At first, the diagnosis was bacterial meningitis, a disease that can become fatal if it's not treated quickly.

New Jersey doctors began running tests to try and diagnose exactly what it was.

"It just affected my brain, so they were doing every kind of test in the world on it," Melissa said.

After a week of tests, doctors determined that it was viral meningitis, not bacterial, that plagued Melissa, but something still wasn't right. After a final test, doctors realized it was West Nile Meningitis.

"I'm a really healthy person and I never get sick. I could never have fathomed how miserable this is," Melissa said. "Every single day, like my voice is shaky weeks after I've contracted it and I can't do little things like moving a coaster on the table because I couldn't extend my arm."

After discussion with doctors trying to determine where she may have contracted the disease, Melissa strongly believes she got it during a layover in Austin.
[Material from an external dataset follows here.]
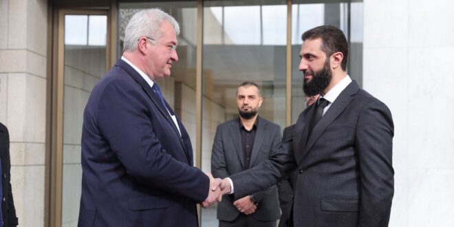 Damas-SANA / Le commandant de la nouvelle administration syrienne, Ahmad Al-Charaa, le ministre syrien des Affaires étrangères, Assaad Al-Chaibani, et le chef des services de renseignement syriens, Anas Khattab, ont rencontré aujourd’hui la délégation officielle ukrainienne présidée par le ministre ukrainien des Affaires étrangères, Andriy Sybiha.

Texas sees 60 percent of all West Nile cases in the United States.

Dr. Joe Sasin, medical director of UMC emergency room, says Melissa's form of West Nile is on the rise.

"It's more common this year," Sasin said. "Usually people get the self-limited form, but this year we're seeing patients with a very aggressive form. There have been 240 cases reported to the CDC and 40 percent of those who contract the severe form don't make it."

For Melissa's mother the entire process was terrifying.

"Words like brain fluid and bacterial and meningitis - all those kinds of words - and spinal tap, I needed Mel (Melissa's father) to get up there for me because I didn't know what I was about to hear," she said.

Melissa is not contagious. The disease can only be spread after a mosquito bites an infected animal and then bites a person, but people need to remember the three D's.

"The first D is Defense and that's Deet, which is OFF and you should cover the exposed areas of your skin. The second D is Drain which means any standing water needs to be gone. The third D is Dusk and Dawn - in other words the most frequent time that you will be bit and when mosquitoes are most active," Sasin said

There is no exact timetable for when Melissa will fully recover, but doctors said she can return to work in about three weeks.